:: GIVEN INFORMATION ::
────────
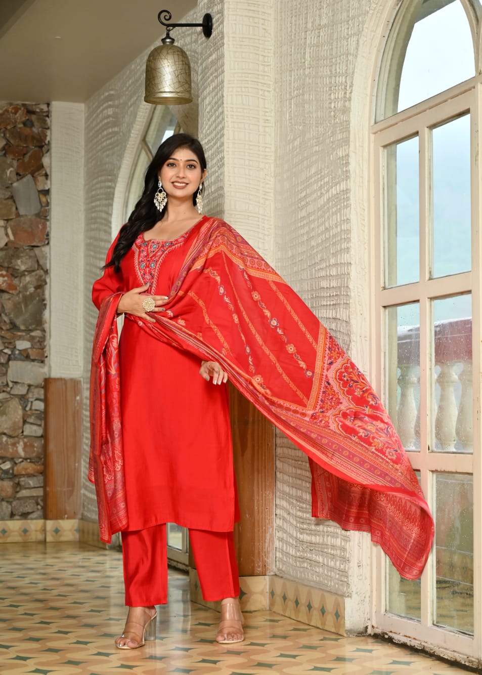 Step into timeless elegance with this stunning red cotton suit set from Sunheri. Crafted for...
────────
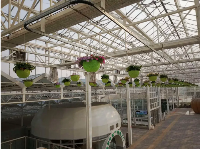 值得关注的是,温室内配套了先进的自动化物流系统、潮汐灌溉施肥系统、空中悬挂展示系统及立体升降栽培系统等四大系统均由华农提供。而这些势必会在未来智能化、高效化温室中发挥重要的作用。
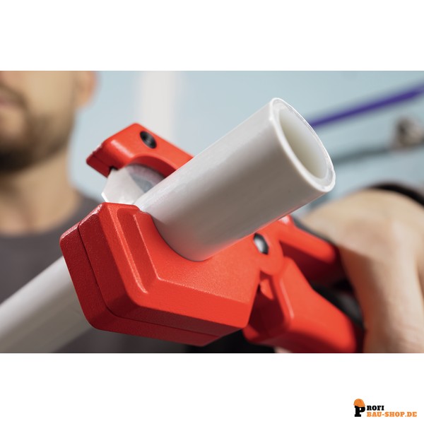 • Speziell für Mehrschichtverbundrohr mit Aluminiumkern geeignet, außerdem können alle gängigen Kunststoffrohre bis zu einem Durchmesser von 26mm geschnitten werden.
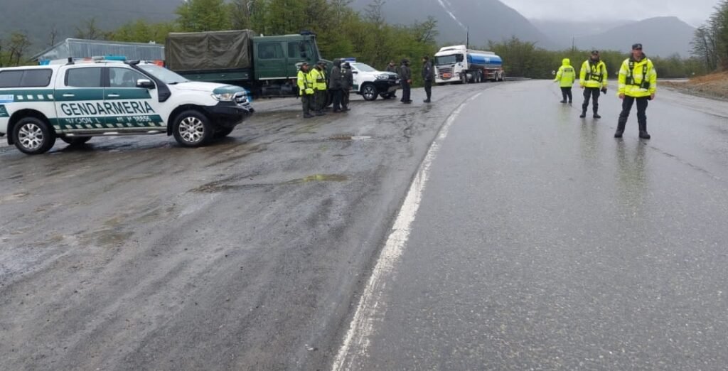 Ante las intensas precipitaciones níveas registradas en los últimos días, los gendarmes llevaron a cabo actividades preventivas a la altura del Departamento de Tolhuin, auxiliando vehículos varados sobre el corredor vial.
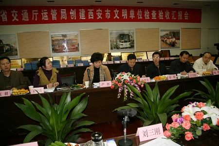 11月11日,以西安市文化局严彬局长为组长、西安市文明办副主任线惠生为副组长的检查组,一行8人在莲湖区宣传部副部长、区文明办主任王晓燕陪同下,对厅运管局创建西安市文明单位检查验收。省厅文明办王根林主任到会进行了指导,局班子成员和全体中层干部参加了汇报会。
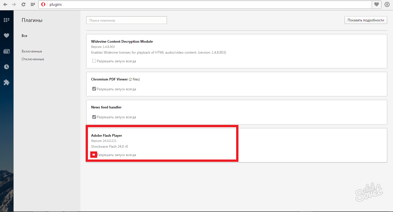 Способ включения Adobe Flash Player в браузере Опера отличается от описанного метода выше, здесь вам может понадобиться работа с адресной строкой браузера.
────────
:: WORK ORDER ::
In the data above, find the line containing "Ante las intensas" and the line containing "11月11日,以西安市文化局". Copy exactly the stretch from the first through the second, both included, leaving out any picture.

:: RESPONSE AREA ::
 Ante las intensas precipitaciones níveas registradas en los últimos días, los gendarmes llevaron a cabo actividades preventivas a la altura del Departamento de Tolhuin, auxiliando vehículos varados sobre el corredor vial.
 11月11日,以西安市文化局严彬局长为组长、西安市文明办副主任线惠生为副组长的检查组,一行8人在莲湖区宣传部副部长、区文明办主任王晓燕陪同下,对厅运管局创建西安市文明单位检查验收。省厅文明办王根林主任到会进行了指导,局班子成员和全体中层干部参加了汇报会。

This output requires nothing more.